Más de 2.000 millones de personas en el mundo no cuentan con acceso seguro a agua potable, según organismos internacionales, una cifra que evidencia que la crisis hídrica global no responde únicamente a la escasez, sino también a fallas en la gestión y distribución del recurso. En paralelo, proyecciones científicas advierten que la disponibilidad de agua podría reducirse hasta en un 33 % en ciertas zonas del sur del Ecuador hacia 2080 debido al cambio climático, lo que refuerza la urgencia de fortalecer su manejo.

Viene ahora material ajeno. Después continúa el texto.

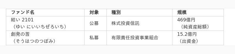 これに加えて、2021年3月、これからの社会を創発する可能性を秘めたスタートアップを支援する有限責任投資事業組合「創発の莟」(私募)の運用・募集を開始しました。この2つのファンドを通じて、社員数人のスタートアップから創業100年を超える上場企業まで幅広いステージの会社を応援し、持続的な社会の発展に貢献できる運用会社を目指しています。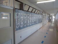 学校の玄関を入ってからの廊下は、「小渕っ子ギャラリー」の名前がついています。図工や書写の作品が展示されています。今の時期は、書きぞめの埼玉県展覧会に出展された作品が掲示されています。

En el marco del Día Mundial del Agua, que se conmemora cada 22 de marzo, estas cifras ponen en evidencia un desafío que trasciende la disponibilidad natural del recurso y se centra en la capacidad de los sistemas para gestionarlo de manera eficiente y sostenible.
La investigación científica desarrollada con la participación de Cecilia Puertas, docente de la Escuela de Ingeniería Industrial de la Universidad Internacional del Ecuador (UIDE), en colaboración con universidades prestigiosas del país, se llevó a cabo en Cayambe y analiza la gestión del agua desde una perspectiva territorial y social. El estudio, financiado por la Universidad de Ginebra (UNIGE) y la Universidad de Saint Gallen, se basa en un análisis de calidad del agua desarrollado mediante un enfoque multidisciplinario y en trabajo conjunto con comunidades locales.
Uno de los ejes centrales del estudio es el rol de los páramos como fuente primaria de agua. Estos ecosistemas altoandinos funcionan como reguladores naturales que captan, almacenan y liberan el recurso hídrico que posteriormente se transforma en ríos y abastece a las ciudades. En este proceso, las comunidades indígenas que habitan estos territorios cumplen un papel fundamental como guardianes del agua, protegiendo y gestionando estos espacios estratégicos.
Los resultados evidencian que, mientras en las redes urbanas pueden generarse pérdidas de hasta el 30 % del agua antes de llegar a los usuarios finales, existe también una desconexión estructural entre el origen del recurso y su consumo. El estudio pone en evidencia que gran parte de la población urbana desconoce de dónde proviene el agua y el rol que cumplen los ecosistemas y las comunidades en su conservación.
Según Cecilia Puertas, docente de la Escuela de Ingeniería Industrial de la Universidad Internacional del Ecuador (UIDE), este es uno de los principales vacíos en la gestión del recurso. “El problema no es únicamente técnico. También existe una desconexión entre quienes consumen el agua y los territorios donde se genera. Entender esa relación es clave para una gestión más sostenible”, explica.
En Ecuador, esta realidad adquiere especial relevancia en un contexto donde la presión sobre el recurso aumenta por el crecimiento urbano, la expansión productiva y el cambio climático. A pesar de contar con una importante riqueza hídrica, factores como la falta de articulación entre actores, la limitada inversión y las brechas en gestión inciden directamente en la sostenibilidad del sistema.
La gestión del agua, además, se vincula con sectores estratégicos como la agricultura, la industria y el desarrollo urbano. Las ineficiencias no solo generan pérdidas económicas, sino que también profundizan desigualdades en el acceso y limitan la capacidad de respuesta frente a escenarios de estrés hídrico.
Para Puertas, el desafío implica un cambio de enfoque que vaya más allá de la infraestructura. Integrar la gestión técnica con el reconocimiento de los territorios, las comunidades y los ecosistemas que sostienen el recurso es fundamental para garantizar su sostenibilidad en el largo plazo.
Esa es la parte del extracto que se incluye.